[REPORTAGEM_agosto_2022] O mercado de distribuição de combustíveis constitui uma parte significativa do desenvolvimento sócio-económico da Guiné-Bissau. A cada dia que passa, regista-se a abertura de novas estações de combustíveis em todo o território nacional. Contudo, a maioria delas funciona com défice de autorizações legais que permitam que a Autoridade de Avaliação Ambiental Competente (AAAC) acompanhe de perto todas as suas atividades.
Uma parte considerável das estações de combustíveis que operam no país não possui todas as condições legais, o que constitui um constrangimento para os ambientalistas que gostariam de, pelo menos, acompanhar as condições do seu funcionamento, sobretudo as mais conceituadas em todo o território nacional.
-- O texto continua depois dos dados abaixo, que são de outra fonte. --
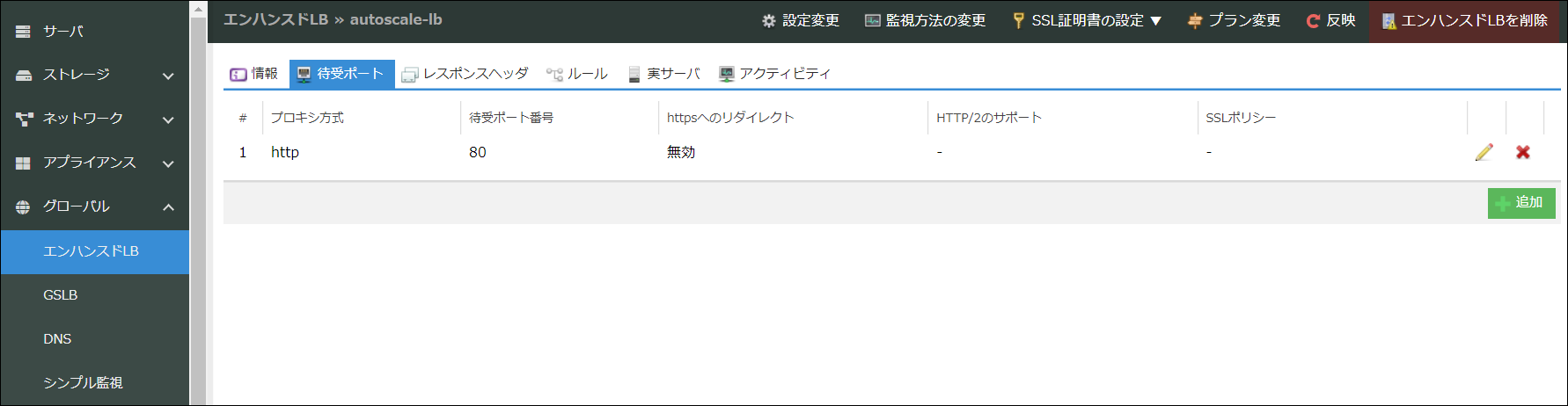 エンハンスドロードバランサを作成して、実サーバ(オートスケールの対象となるサーバ)を追加します。

Em declaração à Rede dos Jornalistas sobre o mercado ilícito e economia ilícita da Guiné-Bissau (REJOMEI-GB), o especialista em hidrocarbonetos José Nicu Djú garantiu que é necessário e urgente que o mercado de distribuição de combustíveis na Guiné-Bissau seja regulamentado para poder corresponder, legalmente, às expetativas de todos os intervenientes no mercado de hidrocarbonetos e também de todas as necessidades dos cidadãos guineenses.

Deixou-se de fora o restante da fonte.